The defendant says the alleged promise of the defendant to file the proofs of loss was without consideration and at most constituted the defendant a gratuitous agent, not liable for his failure to perform his promise, i. e., for nonfeasance.
A gratuitous promisor who undertakes to perform his promise hut performs negligently is guilty of misfeasance and may be held liable. (Siegel v. Spear & Co., 234 N. Y. 479; Smedes v. Utica Bank, 20 Johns. 372, 379; Miller v. International Harvester Co., 193 App. Div. 258; Glanzer v. Shepard, 233 N. Y. 236; Marks v. Nambil Realty Co., Inc., 245 id. 256; Barile v.

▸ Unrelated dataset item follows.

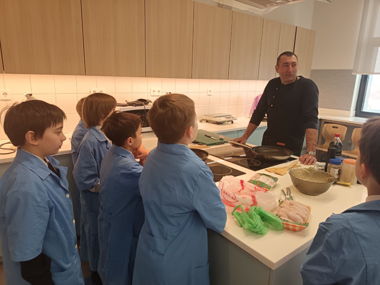 5 февраля 2026 года в нашем 4 классе прошел удивительно теплый и душевный мастер-класс. К ребятам заглянул особенный гость — Денис Николаевич, папа одного из учеников и участник СВО. Под его чутким руководством мальчишки превратились в настоящих поваров и приготовили потрясающие куриные крылышки в фирменном соусе с золотистой картошкой по-деревенски. Мы искренне благодарим Александра Андреевича за предоставленный кабинет кулинарии, подробный инструктаж и поддержку в организации. Было невероятно приятно наблюдать, как дети с азартом помогали повару, открываясь с новой, взрослой и положительной стороны. Завершился мастер-класс дружной дегустацией, а уже вечером во многих семьях на ужин готовили те самые крылышки по рецепту Дениса Николаевича . Но на этом сюрпризы не закончились. Весь класс подготовил подарки — шоколадки и письма для бойцов взвода, где служит папа Глеба. Мы также поздравили нашего гостя с днем рождения, пожелав ему крепкого здоровья, благополучия и самого главного — скорейшего возвращения домой с Победой!
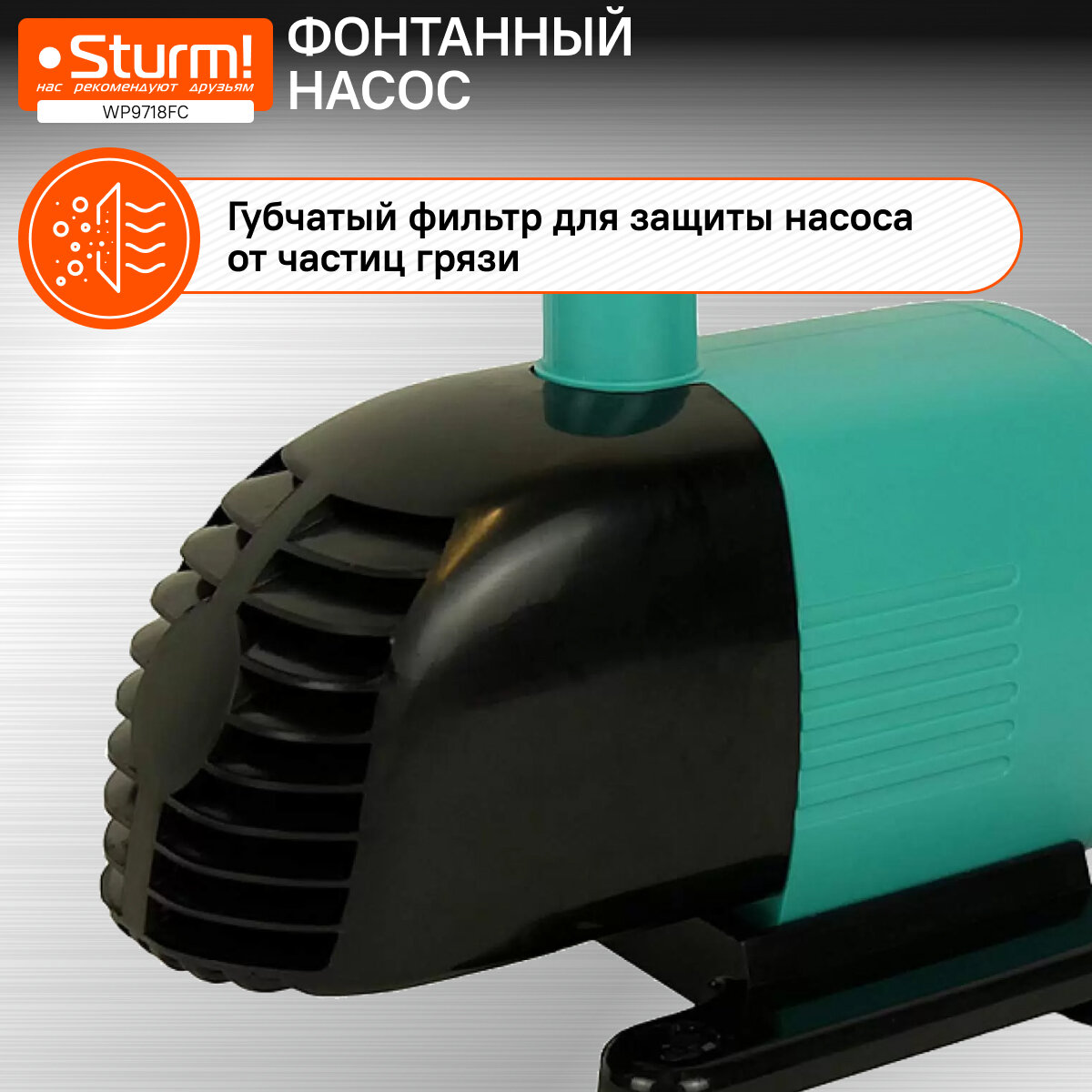 Насос фонтанный Sturm! WP9718FC 18Вт, 15 л/мин, напор 1,4м, глубина погружения 3м интересное:

Wright, 256 id. 1, 5.) Plaintiffs’ recovery cannot be sustained on this theory. The defendant never attempted to perform. He did not obtain an appraisal of the burned house or take any other step preparatory to or in connection with the filing of proofs of loss.
Defendant relies on Thorne v. Deas (4 Johns. 84), where it was held that a gratuitous promisor who wholly omits to perform his promise is not liable, notwithstanding the promisee may have sustained damage. In that case the plaintiffs and the defendant *828owned a brig. One plaintiff requested the defendant to have it insured. The latter promised to do so but failed. _ After it sailed the other plaintiff told the defendant that if the latter would, not obtain the insurance immediately, he, the plaintiff, would. The defendant again promised but again failed to take out the insurance. The brig was lost and the plaintiffs sued the defendant on his promise. In an opinion by Kent, Ch. J., the court held that the plaintiffs could not recover. In part it said (at p. 97): “ one who undertakes to do an act for another, without reward, is not answerable for omitting to do the act, and is only responsible when he attempts to do it, and does it amiss. In other words, he is responsible for a misfeasance but not for a nonfeasance, even though special damages are averred.” Again (atp. 100): “ There is, then, no just reason to infer, from the ancient authorities, that such a promise as the one before us is good, without showing a consideration. The whole current of the decisions runs the other way.”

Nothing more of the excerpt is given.